- Born: John Pender 1918 Mousehole, Cornwall
- Died: 1998 (age 80)
- Resting place: Paul Cemetery Nr Mousehole
- Education: Penzance School of Art
- Known for: Painting
- Spouse: Madeleine Mann 1938-

= Jack Pender =

English artist (1918–1998)

Jack Pender (1918-1998) was a British artist.

Pender was born in Mousehole, Cornwall. He started to paint in 1936 and went to the Penzance School of Art in 1938. At the end of the war, he spent a short time in Greece at the Athens School of Art and then the Exeter College of Art 1946-1949 and then to the West of England College of Art, Bristol 1949–50. He was a member of the Newlyn Society of Artists and the Penwith Society of Arts, and exhibited regularly in St Ives (including at the Sail Loft Gallery), Newlyn, Plymouth and London. His artwork is in several public collections, details of which can be found on the Art UK website.

His themes are mostly the fishing boats and harbours around Mounts Bay, painted energetically, in styles from the figurative, to the near abstraction of the 1960s.
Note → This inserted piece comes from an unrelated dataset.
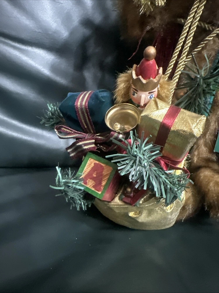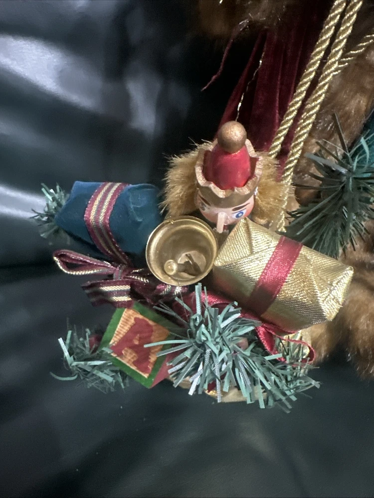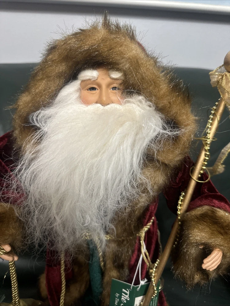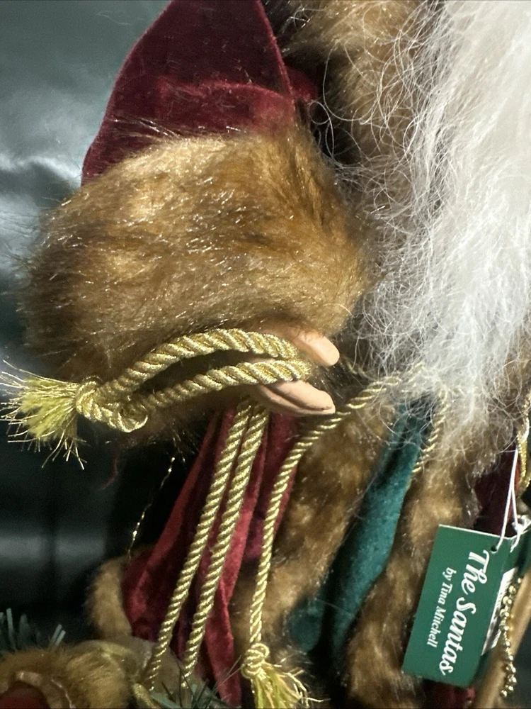 This large, handmade Southwest Ethnic Santa figure features a unique 3D effect and textured finish. The Santa Claus character is depicted in a figural style with a real fur beard and a dreamcatcher. The item is hand-painted and made of mixed materials including wood, plastic, and fabric. It is designed with an ethnic theme and is part of the Southwest Frontiersman collection, showcasing art, wildlife, and seasonal elements.

At Art School he was known as "PZ 81" given his compulsive rendering of his father's fishing boat "the Lyonesse".

He was remembered alongside artists Patrick Heron, Terry Frost and Tony O’Malley in Margo Maeckelberghe's obituary.

The Arnolfini Gallery, Bristol gave him one man shows in the 1960s and he showed extensively at the Orion Gallery, Penzance and the Newlyn Orion in the 1970s. Several BBC films were also made about him and his life in Mousehole. In 1985 a work was included in the landmark Tate Gallery exhibition St Ives 1939–64. After this he was taken up by the Belgrave Gallery, London, Leon Shuddaby Fine Art, Penzance, and the Rainy Day Gallery, Penzance. There was a major retrospective of his work in 2008 at the Penlee House Gallery and Museum, Penzance.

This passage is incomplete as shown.